Grenfell Tower: ruling class criminal negligence

June 15, 2017 at 9:55 pm (campaigning, capitalism, class, Conseravative Party, crime, hell, Human rights, Jim D, Tory scum, tragedy)

“People were waving scarves, flashing phones, torches, flapping their windows back and forth, crying for help … At first people [on the ground below] were trying to help them, pushing at cordons. I could see the smoke billowing behind them and in some cases I could see the flames, until they disappeared … [by 4am] there was no sign of life. Everyone was in a resigned state of shock. We couldn’t do anything and we were coming to accept the fire brigade couldn’t do anything either … I’ll never forget the sound of those screams: the screams of children and grown men” (would-be rescuer Robin Garton, quoted in The Times).

The faces look out from the newspaper, smiling in happier times. Many of them black or Middle Eastern with names like Khadija Kaye, Jessica Urbano  and Ali Yawa Jafari. But also Sheila Smith and Tony Disson. Then you read about people throwing their children out of high windows in the hope that someone would catch them, people jumping (some on fire) to almost certain death (shades of 9/11) and mother of two Rania Ibrham sending a Snapchat video to a friend who described it: “She’s praying and she’s saying ‘Forgive me everyone, goodbye’.”

This all happened in 2017 in one of the wealthiest boroughs in London, under a Tory council and a Tory government. But these people weren’t wealthy: they were amongst the poorest in the city, living cheek by jowl with people of enormous wealth.

It turns out that the local residents’ group, the Grenfell Action Group, had repeatedly warned the council and the so-called Tenant Management Organisation (ie the landlord) that a disaster was coming. In November of last year Edward Daffarn published a post on the Grenfell Action Group blog, entitled Playing with Fire, in which he warned that “only a catastrophic event will expose the ineptitude and incompetence of our landlord, the Kensington and Chelsea Management Organisation (KCTMO) and bring an end to the dangerous living conditions and neglect of health and safety legislation that they inflict upon their tenants and leaseholders.”

Local (Labour) councillor Judith Blakeman attempted to raise concerns with council officials and the management body “ad nauseam” since refurbishment of the block began in 2014: “They kept reassuring us that everything was fine” she said.

The refurbishment involved encasing the building with cladding that fire safety experts have long warned compromises the safety of tower blocks whose original “compartmentalised” design had incorporated rigorous fire safety standards (it also meant that advice to residents to “stay put” in the event of a fire was fatally inappropriate). An “external cladding fire” had caused the death of six people in Lakanal House tower block in South London in 2009. At the inquest into that disaster, the coroner had recommended that the government should review fire safety guidance to landlords and, in particular, the danger of the “spread of fire over the external envelope” of buildings (ie the use of external cladding). She also recommended that sprinkler systems be fitted to all high-rise buildings. None of this happened.
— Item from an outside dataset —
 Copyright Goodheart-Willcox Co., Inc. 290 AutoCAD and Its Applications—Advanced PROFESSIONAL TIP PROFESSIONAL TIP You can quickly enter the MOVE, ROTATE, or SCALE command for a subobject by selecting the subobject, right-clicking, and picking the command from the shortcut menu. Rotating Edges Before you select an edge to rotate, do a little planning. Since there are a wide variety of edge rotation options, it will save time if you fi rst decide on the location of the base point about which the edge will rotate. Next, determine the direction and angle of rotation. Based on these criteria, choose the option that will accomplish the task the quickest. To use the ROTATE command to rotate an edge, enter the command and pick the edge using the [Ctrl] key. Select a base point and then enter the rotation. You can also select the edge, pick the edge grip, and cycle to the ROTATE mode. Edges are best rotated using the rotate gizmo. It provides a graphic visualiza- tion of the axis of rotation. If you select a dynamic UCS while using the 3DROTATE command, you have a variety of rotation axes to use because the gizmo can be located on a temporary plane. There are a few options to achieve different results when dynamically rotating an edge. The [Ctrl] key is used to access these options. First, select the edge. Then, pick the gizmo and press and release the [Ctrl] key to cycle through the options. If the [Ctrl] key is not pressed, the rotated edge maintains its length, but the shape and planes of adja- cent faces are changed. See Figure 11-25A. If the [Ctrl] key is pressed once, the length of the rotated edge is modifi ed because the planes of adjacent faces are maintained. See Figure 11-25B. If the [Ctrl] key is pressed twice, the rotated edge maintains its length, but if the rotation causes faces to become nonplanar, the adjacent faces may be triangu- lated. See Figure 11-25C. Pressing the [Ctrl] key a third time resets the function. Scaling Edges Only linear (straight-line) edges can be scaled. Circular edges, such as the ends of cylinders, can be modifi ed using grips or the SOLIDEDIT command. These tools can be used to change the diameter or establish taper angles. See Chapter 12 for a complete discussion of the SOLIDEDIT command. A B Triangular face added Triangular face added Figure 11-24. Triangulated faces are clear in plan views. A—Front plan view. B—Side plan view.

So why were the warnings ignored? Why did Gavin Barwell, who was housing minister until he lost his seat last week (and is now Theresa May’s chief of staff) fail to act on the warnings prompted by the Lakanal House fire? Why did his predecessor Brandon Lewis, tell MPs that it was “for the fire industry”, not government, to “encourage” the installation of sprinklers rather than “imposing” it? Why did then-communities secretary Eric Pickles treat the Lakanal House coroner’s recommendations as “advice” to local authorities rather than as instructions?  And why didn’t Grenfell Tower even have a building-wide fire alarm?
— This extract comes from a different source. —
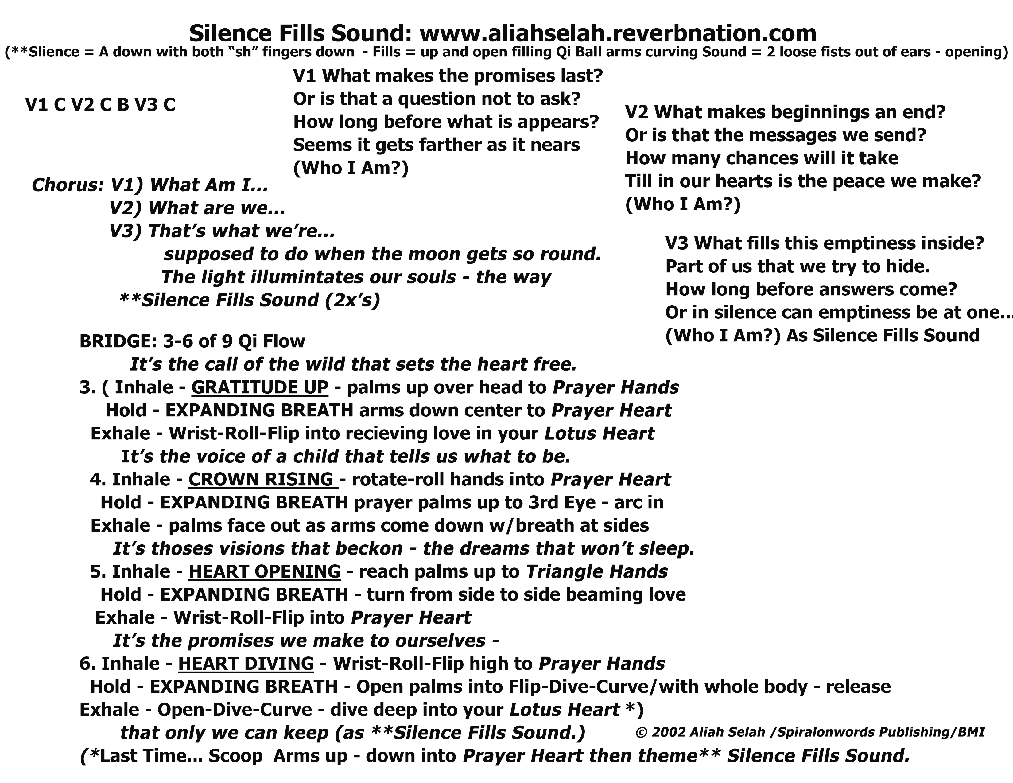 "Silence Fills Sound" is the 3-6 of the 9 Qi Flow)

The answer is as simple as it’s shocking: these residents are poor working class people, many of whom are also ethnic minorities and migrants (in an especially tragic twist, the first body to be identified is that of a Syrian refugee, Mohammad al-Haj Ali). Such negligence and cost-cutting would never be tolerated in the luxury high-rise flats and offices peopled by the rich: these are built to the highest standards, using the safest materials.

This is ruling class contempt for the poor – also exemplified by May’s refusal to meet with local people during her brief and tightly-policed visit to the scene earlier today.
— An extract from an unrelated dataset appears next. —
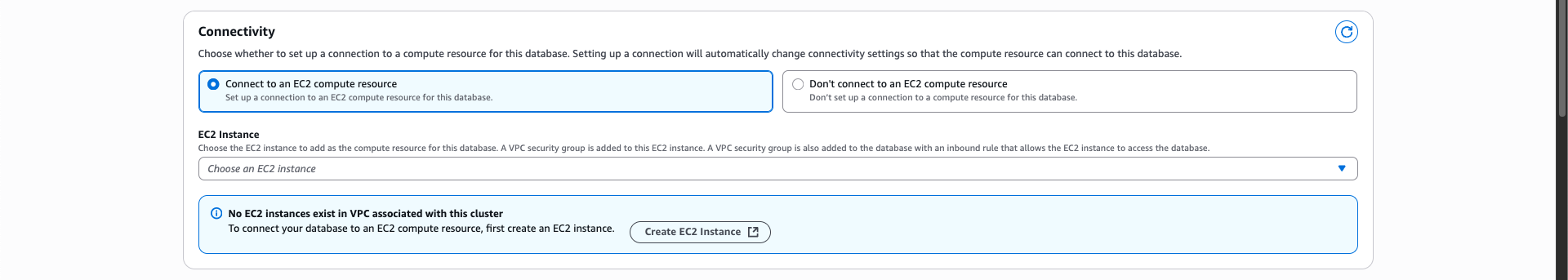 서브넷 그룹 설정은 기존에 만들어뒀던 그룹으로 선택한다.

Let no-one tell you this was simply a “tragedy” as though it was some sort of natural disaster. This was criminal negligence by the ruling class and their political party, the Tories. Our response – and the only response that will truly honour the victims – must be to pursue the class struggle with renewed vigour. Starting by kicking out the Tories as soon as possible.


  1. Len McCluskey said,

    Dear friends,

    The full horror of the fire at the Grenfell Tower is yet to unfold but we do know that there has been fatalities, serious injuries and hundreds of people are left destitute and in despair.

    Once again our emergency services have been called upon to display the selflessness and heroism we are sadly becoming all too accustomed to. Unite will be sending its solidarity to our colleague unions to express our very deep thanks for all that they do to in the name of public service.

    But we also need your help. We need you to donate to the fund to support the residents of Grenfell Tower.

    Unite has members who live in Grenfell Tower. We are doing our utmost to locate them, and to offer every support to them and their neighbours. Our community members are already mobilising collections for essentials such as clothing, food and toiletries.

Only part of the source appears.